Some better news in North East Asia overnight, South Korean GDP came in better than expected and a distinct improvement on the prior number. In addition, Japanese manufacturing PMI was much stronger than forecast, and unlike the expected number was an improvement on the previous print. Perhaps signs of stabilisation? There’s no question that financial conditions have eased considerably from the tense situation that pulled the Federal Reserve back from the brink just a week ago. Indeed with the S&P 500 up well over 2% yesterday, and European bourses even stronger, the stresses afflicting the global asset markets are bleeding away. This is all no doubt related to Mario Draghi’s early Christmas present to the markets – his signalling that the ECB is contemplating an expansion of their quantitative easing programme.
Funnily enough, one of the reasons for the ECB to look into this has been the rather restrained performance of the Eurozone economy, Mr Draghi had better not look now, but the manufacturing PMI data coming out this morning for the Eurozone giants France and Germany almost belies the need for further extraordinary monetary policy! So far we have seen French data that was not only an improvement on last month’s number but also bucked the economist expectation of a weaker outcome. In Germany the picture was a bit more nuanced, with a better composite number masking slightly weaker manufacturing data, but much improved data from services. We’ll be getting a host of data from the Italians a little bit later this morning, which will give a fuller picture of just how the 3 largest Eurozone economies are doing, and the aggregate Eurozone PMI data coming out later will of course add to the overall picture.
I’m also waiting to see what the US manufacturing PMI data looks like this afternoon and the Baker Hughes Rig Count will give us a sense of how the US oil economy is faring in this new world of $50 oil. It’s just possible with all this good news popping through the cracks that talk of normalisation might pick up again more quickly than most expect. It doesn’t matter though.. there are 2 reasons why EUR/USD might fall (i) the dollar appreciates or (ii) the euro falls. Mario Draghi talking about extending QE is fuelling option (ii) and thus compared to yesterday’s open EUR/USD is 2% lower now. We haven’t seen comparable moves in EUR/USD since the peak of the late summer risk wobbles.

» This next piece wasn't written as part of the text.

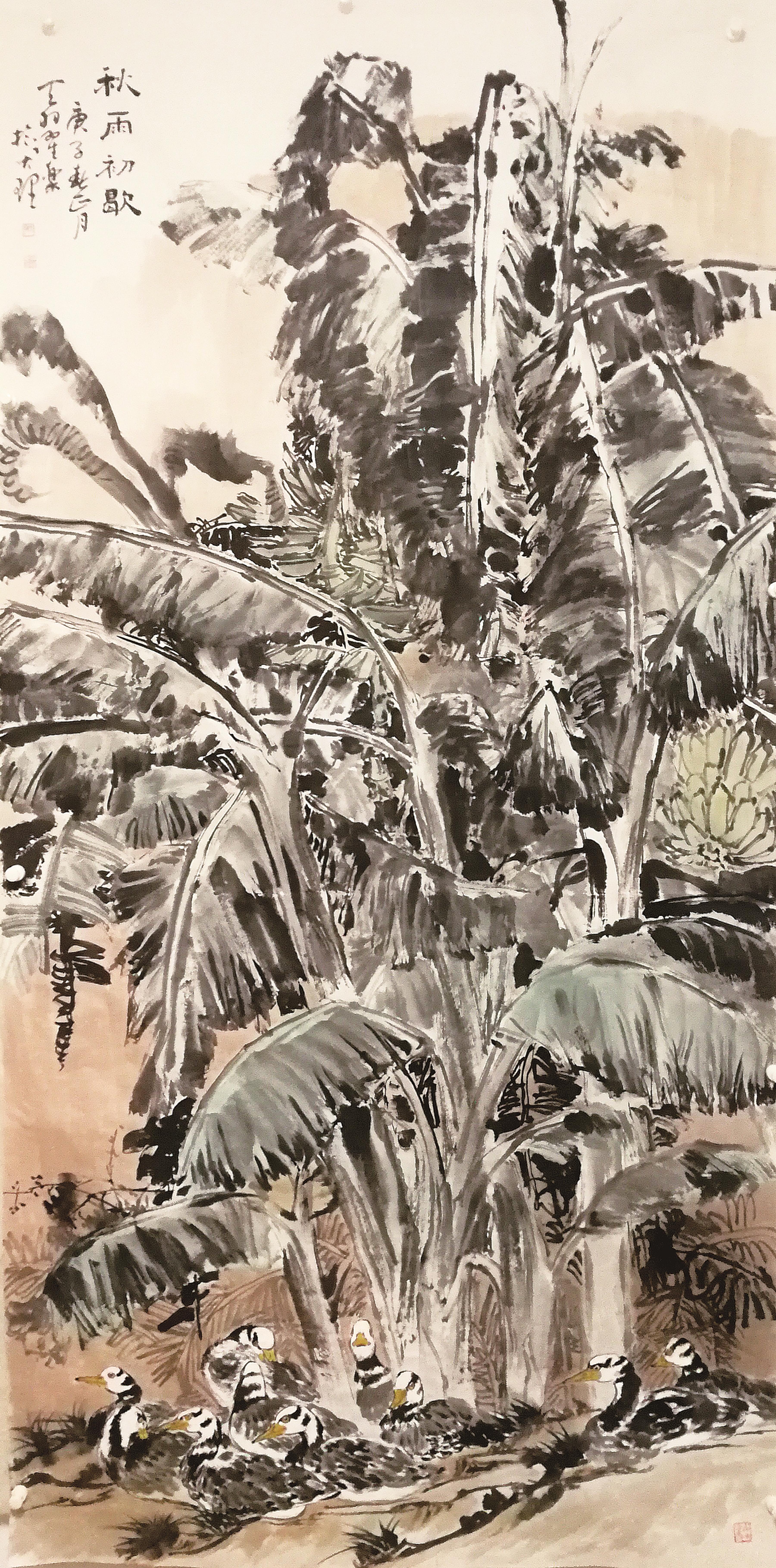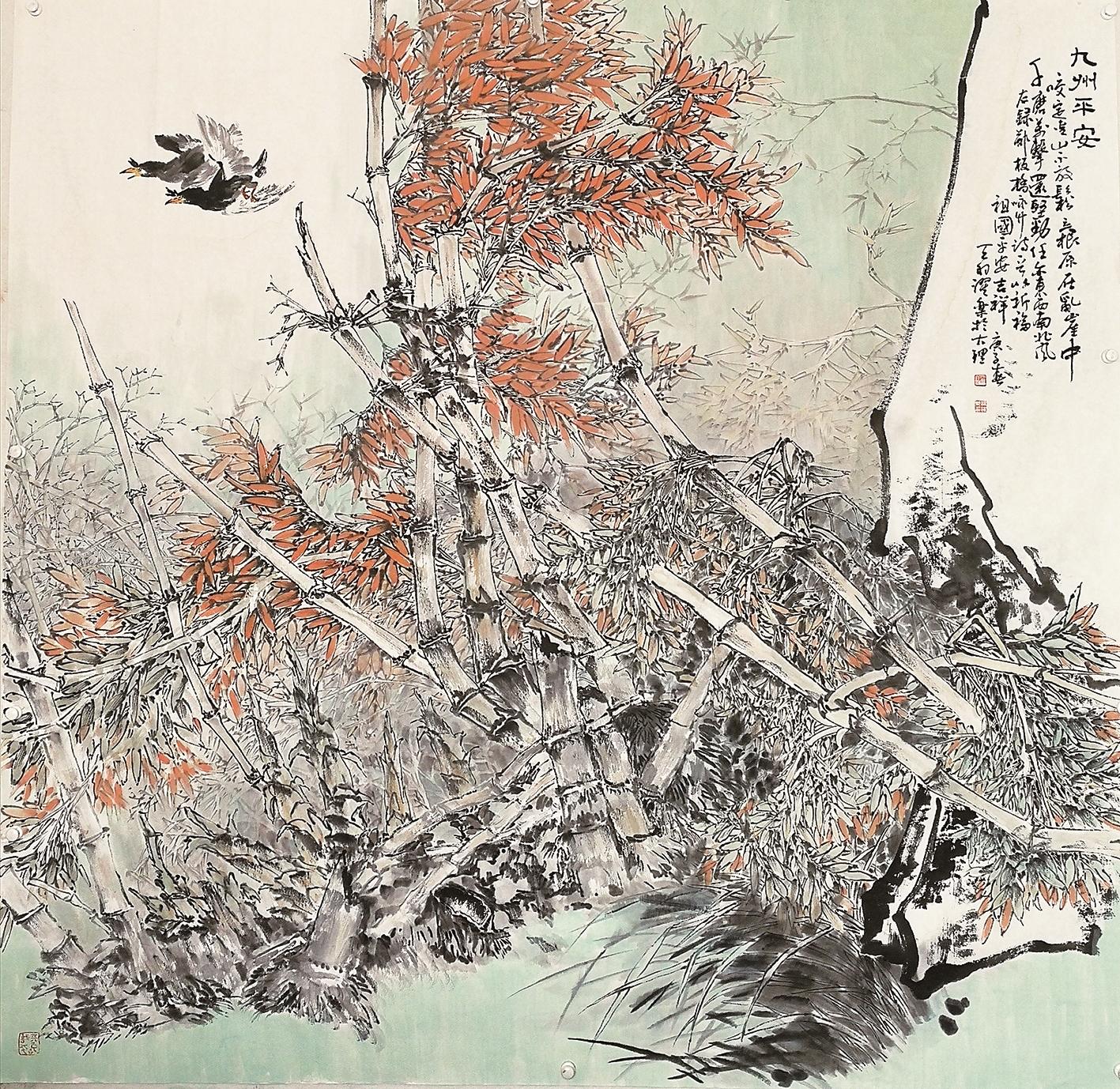 書(shū)畫(huà)同源。書(shū)法和中國(guó)畫(huà)的工具材料完全相同。中國(guó)最早的文字甲骨文多為象形字,這是書(shū)畫(huà)同源的最好詮釋。我認(rèn)為,中華傳統(tǒng)文化博大精深,書(shū)法承載著幾千年的厚重歷史文化。加強(qiáng)書(shū)法修養(yǎng),就能汲取古人的智慧,在文、史、哲等方面充實(shí)自己,從而使創(chuàng)作更具內(nèi)涵。書(shū)法的線條和中國(guó)畫(huà)有異曲同工之妙,不同的字體在結(jié)體,用筆技巧等方面可以在畫(huà)法中得以體現(xiàn)。最重要的一點(diǎn)是,書(shū)法題款是畫(huà)面的重要組成部分,書(shū)法的好壞直接影響畫(huà)面的效果。

Does this mean that the continuation of the big dollar trend is at hand? I won’t embarrass myself by stating that right now. One big move doesn’t a trend make! Technically some interesting levels have been taken out, but nothing I would consider too significant. The level I am watching out for is 1.0808 in EUR/USD – the lows of the summer period. 1.51 is a rough equivalent for GBP/USD. Yet again it looks like equity markets are rallying into dollar strength. All of this has been happy news for emerging market currencies as well. Not a huge surprise as one would expect commodities to benefit from a dose of monetary largesse. Let’s see if this persists for a few days at least before we talk of new trends though…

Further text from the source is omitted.